Placée sous le signe de certains énoncés forts produits par les artistes qui interviendront, «Pour une thèse vivante», «Le cycle des inquiétudes», «(Pour) une éthique-esthétique de l’émancipation», «Pour une littérature de lisières»… cette journée entend accueillir des discussions et des réflexions nourries par une variété de pratiques, de gestes, de positionnements, de récits, qui n’entendent pas faire système ni établir des méthodologies ou définitions fixes de ce que peut être un doctorat par le projet.

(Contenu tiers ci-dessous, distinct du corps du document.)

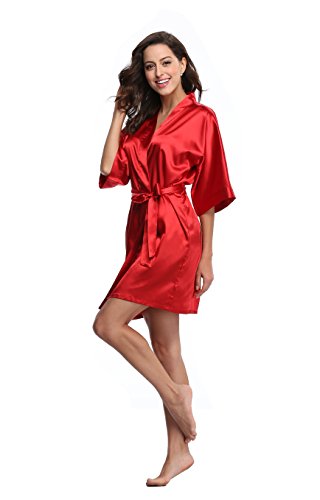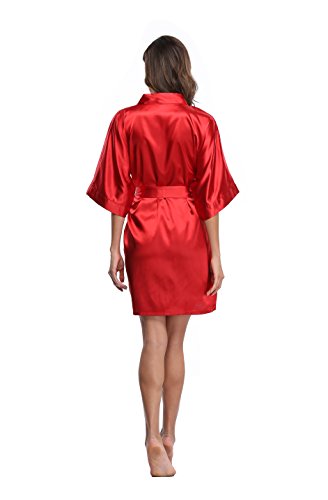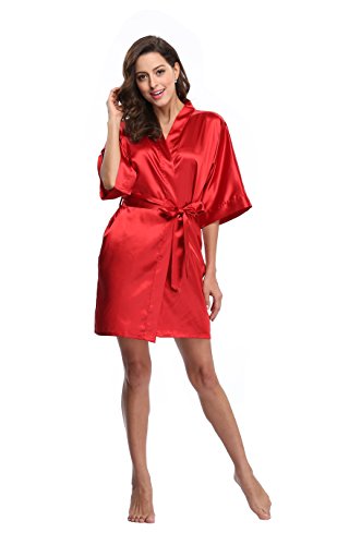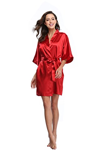 Luvrobes Women's Satin Kimono Robe, Solid Color, Short (M, Burgundy)
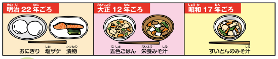 明治22年に山形県の小学校で昼食を振るまったことが始まりだと言われています。当時は「おにぎり・焼き魚・つけもの」という献立だったということで、今週の給食では同じようなメニューが提供されています。ホームページ内の給食献立表もぜひご覧ください。
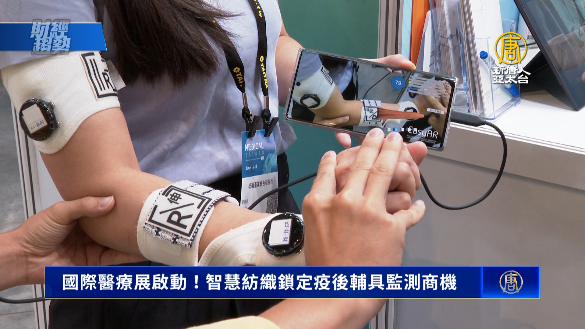 【新唐人亞太台 2022 年 06 月 18 日訊】歡迎回來。台灣國際醫療展本週登場,今年聚焦6大主題,探討疫情下的生活新日常。疫情帶動遠距醫療需求,紡織業者朝智慧紡織發展。跨界整合,鎖定疫後輔具監測商機。
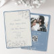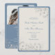 Fira tidlös romantik med denna dammiga blå och elfenbensvita bröllopsinbjudan, designad för par som älskar tradition med en modern touch. Med delikat silverblommig linjekonst, en elegant kombination av seriff- och scripttypsnitt och en subtil vintagekant, förenar denna inbjudan klassisk elegans med rustik-chic charm. Baksidan innehåller ett anpassat foto och en QR-kod för RSVP för sömlöst gästsvar. Perfekt för vår-, sommar- eller höstbröllop, erbjuder denna design ett stilrent och hjärtligt sätt att inbjuda nära och kära till din speciella dag.
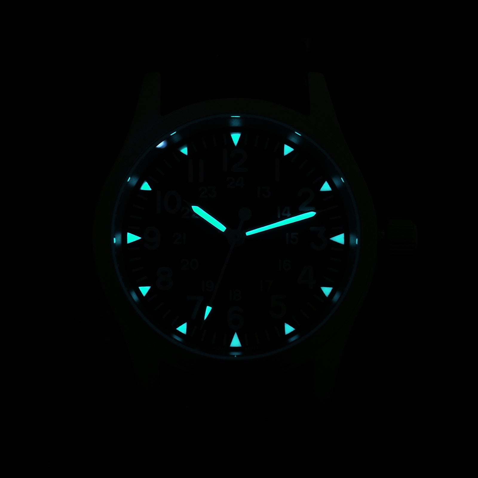 The Militado ML05 combines vintage military aesthetics with modern horological engineering. Powered by a reliable VH31/VH60 sweep hand movement, this 38mm timepiece features a robust 316L stainless steel case with optional black PVD coating for enhanced durability. The domed sapphire crystal with anti-reflective coating ensures crystal-clear visibility, while Super C3 green luminous hands guarantee readability in low-light conditions. Water-resistant to 100m, the screw-down crown provides secure operation for daily wear. At just 10.5mm thick with a 47.5mm lug-to-lug distance, it balances presence with wearability. Backed by a 2-year warranty and comprehensive return policy, this military-inspired watch delivers dependable performance and timeless design.
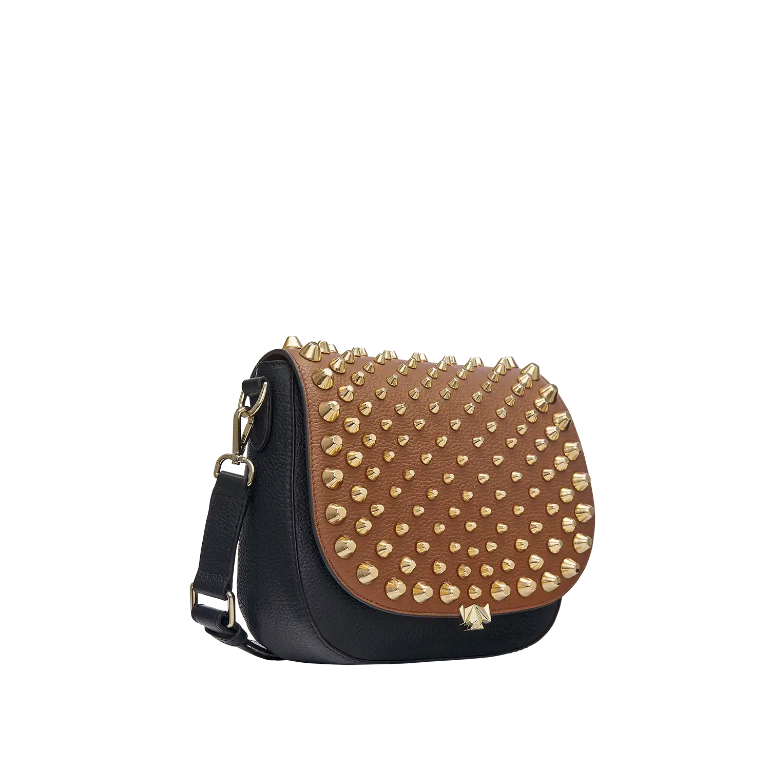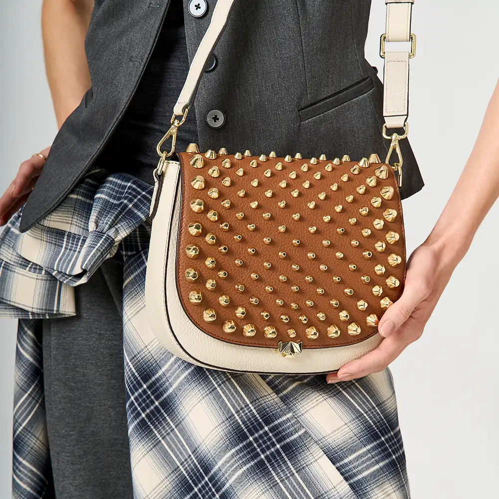• Handgefertigt, aus hochwertigem Premium Leder aus Italien. Die großen Statement Nieten sind ein absoluter Hingucker.  Das Leder bietet eine angenehm weiche Haptik und natürliche Optik. Im Zusammenspiel mit hochwertigster Qualität zeichnet es sich zudem durch seine Langlebigkeit aus und eignet sich perfekt für den täglichen Gebrauch.
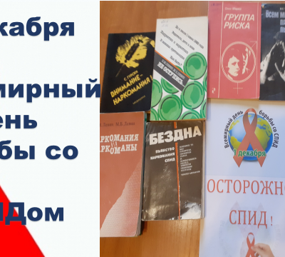 1 декабря — Всемирный день борьбы со СПИДом. В преддверии этого дня в Петропавловской библиотеке № 2 оформлена выставка-предупреждение «Осторожно – СПИД!», которая расскажет читателям о том, каким образом происходит заражение этим вирусом, как проявляется заболевание, о мерах профилактики. Выставка предупреждает , что несмотря на то, что ВИЧ перестал считаться смертельно опасным заболеванием, а перешел в категорию хронических недугов, относиться попустительски к этой проблеме нельзя. Об этом свидетельствует также памятка на выставке «Будущее без ВИЧ-инфекции!».
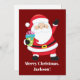 Customized red Santa Claus card for your kids Christmas. Customize your children's holiday presents to and from with their custom name under smiling Papa Noel in his jolly red Christmas suit.

Traversant l’école et ses enseignements de 1er, 2nd et 3e cycles, la recherche en art renoue avec une dimension résolument ouverte à la transmission et au partage qu’il nous importe de défendre à l’heure où le monde doit réinventer à marche forcée ses manières de communiquer et de vivre ensemble, tout comme elle interroge, dans une double adresse aux artistes et aux chercheur·euse·s, les articulations historiques et stratégiques de leurs pratiques.

JOURNÉE D’ÉTUDES – LES REPRÉSENTATIONS POLITIQUES DE L’ART NUMÉRIQUE
15 AVRIL 2021

Organisée par Raphaël Faon, artiste et doctorant à CY/ENSAPC

Cette journée d’étude propose de mettre à distance à la fois le défaut d’art et le défaut de réel souvent reprochés aux œuvres numériques et qui en conditionnent la réception lorsqu’on laisse parler à travers nous ces discours critiques ; en interrogeant à la fois le regard que l’on porte sur les œuvres numériques et le regard que les œuvres numériques portent sur les problèmes politiques contemporains, l’enjeu est de réfléchir aux modalités par lesquelles l’art numérique s’empare des représentations du réel pour les renouveler, a fortiori lorsque les techniques numériques nous adressent, hors du champ de l’art, des questions politiques.

L’art numérique peut-il être un instrument critique ? Comment fait-il face aux problèmes politiques contemporains ? En retour, comment ces nouvelles formes font-elles évoluer les pratiques établies et la manière de les montrer, de les voir ? Au-delà de la technique, comment les œuvres répondent-elles au présent ?

Artistes, commissaires d’exposition et critiques sont convié·e·s pour explorer de manière transversale ces questions qui traversent le champ de l’art et offrir une vision plus juste des pratiques numériques actuelles, de leur exposition et de leur réception.